Because ACTA is intended to create new global IP enforcement norms above those in the 1994 agreement on Trade Related Aspects of IP, it threatens citizens' access to knowledge across the world. With that in mind, this week we are inviting expert commentators from other countries to share their perspective on how ACTA is likely to affect their national law and policy, and their citizens' rights. We will also be highlighting commentary and analysis from others following ACTA in negotiating countries.
ACTA has been on the radar of CIPPIC since the negotiations for the nebulous trade agreement were first announced. CIPPIC’s very first submission to the Canadian government on the topic (in April of 2008) identified three concerns: (1) venue, (2) process, and (3) substance.
On venue and process, we had concerns about any process outside of traditional international multilateral intellectual property forum, and particularly about a process whose content was to be deliberately hidden from public view (although not, even in ACTA’s earliest days, from view of senior rightsholders). ACTA’s lack of transparency was troubling from the start. And where was the articulation of any justification for the agreement in the first place? No one ever pointed to a remedial failing of participants’ intellectual property statutes that required a new international trade agreement to address.
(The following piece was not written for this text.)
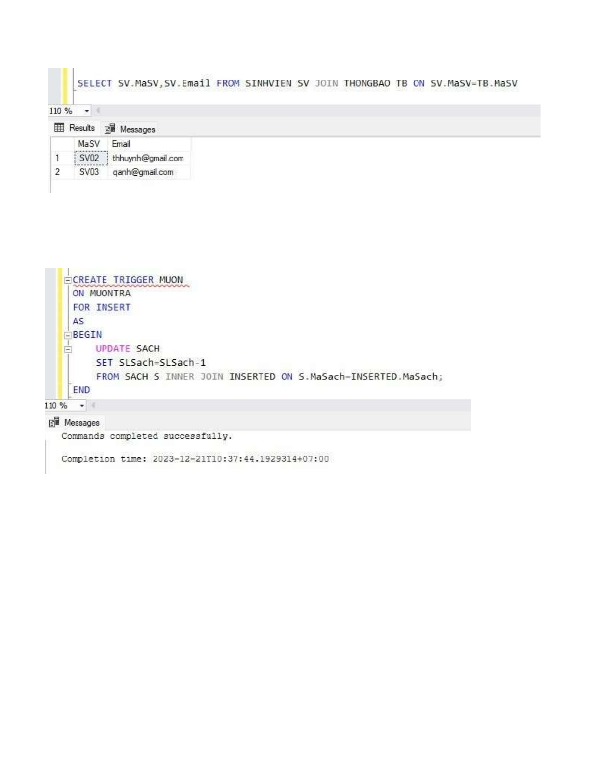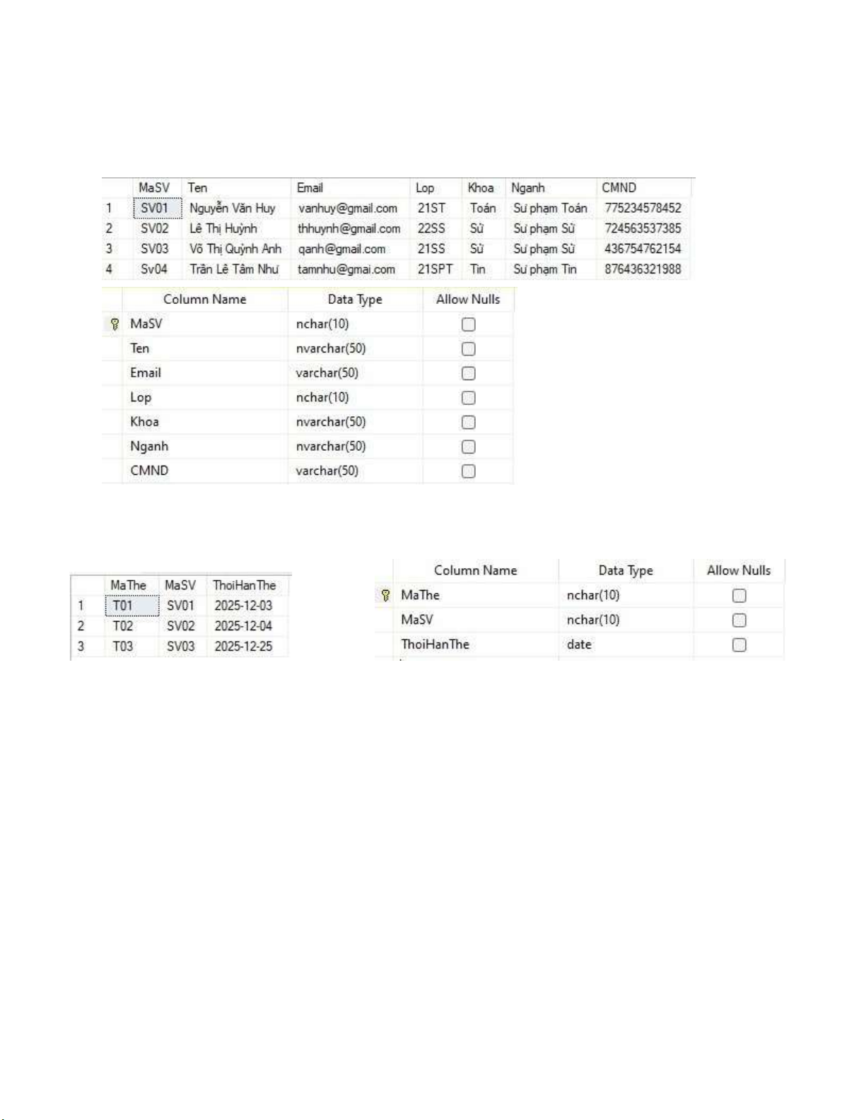 - Liệt kê MaSV và Email của sinh viên quá hạn trả sách trong bảng THONGBAO: lOMoAR cPSD| 59062190

On substance, we expressed a shared concern over genuine counterfeiting, but saw very few opportunities to improve existing intellectual property laws to address them. Simply, counterfeiting is already illegal, and most counterfeiters already know that. Saying so, again, in an international agreement would likely have no impact on such activity. Similarly, Canadian IP laws enjoy a robust array of remedies, including statutory damages for copyright infringement, sufficient to offer whatever deterring effect such remedies might. We saw no evidence that counterfeiters saw intellectual property as rights without remedies. Accordingly, we suspected that counterfeiting was always a stalking horse, an excuse for a bit of policy laundering that could radically overhaul Canadian intellectual property laws in ways that domestic political parties wouldn’t, and couldn’t, dare. We argued that international intellectual property agreements should not be "norm-setting exercises" that create new rights, undermine or eliminate defences, exceptions and limitations to rights, or otherwise circumvent domestic legislatures. Such exercises are profoundly undemocratic. Canada’s last such venture into international IP norm-setting — signing the WIPO Copyright Treaty and the WIPO Performers and Phonograms Treaty — had resulted in a decade of debate and policy angst as domestic policy makers struggled to find a way to implement Canada’s obligations under the treaties in a manner consistent with Canadian values — values that demonstrate a commitment to taking user rights seriously. Finally, the nebulous "Internet Chapter" just made us nervous. We felt negotiators could pack a great deal of privacy-invading and speech-suppressing mischief into such a chapter.
Two years on, those concerns have been largely borne out. Venue and process concerns — particularly around the lack of transparency characterizing all thing ACTA — continue to occupy us. The steady drip of leaks has, ironically, at least partially addressed transparency concerns, but what we have learned through those leaks substantiates our concerns with the content of the Agreement.
The leaks have also substantiated our concerns with ACTA’s potential to undermine Canadian sovereignty over domestic intellectual property policy and the Canadian values they express. Interestingly, secret ACTA negotiations proceeded alongside public consultations about Canadian copyright policy. "Copyright Consultations" held by Canadian Industry Minister Tony Clement and Minister of Canadian Heritage James Moore provoked over 8000 submissions from the public, a simply overwhelming response. Those submissions have been posted online and are available for review. Simply, the content of many of those submissions is at odds with the content of the leaked ACTA Internet Chapter. Policy decisions Canadians presumed were under the microscope were at the same time holding the anvil of ACTA.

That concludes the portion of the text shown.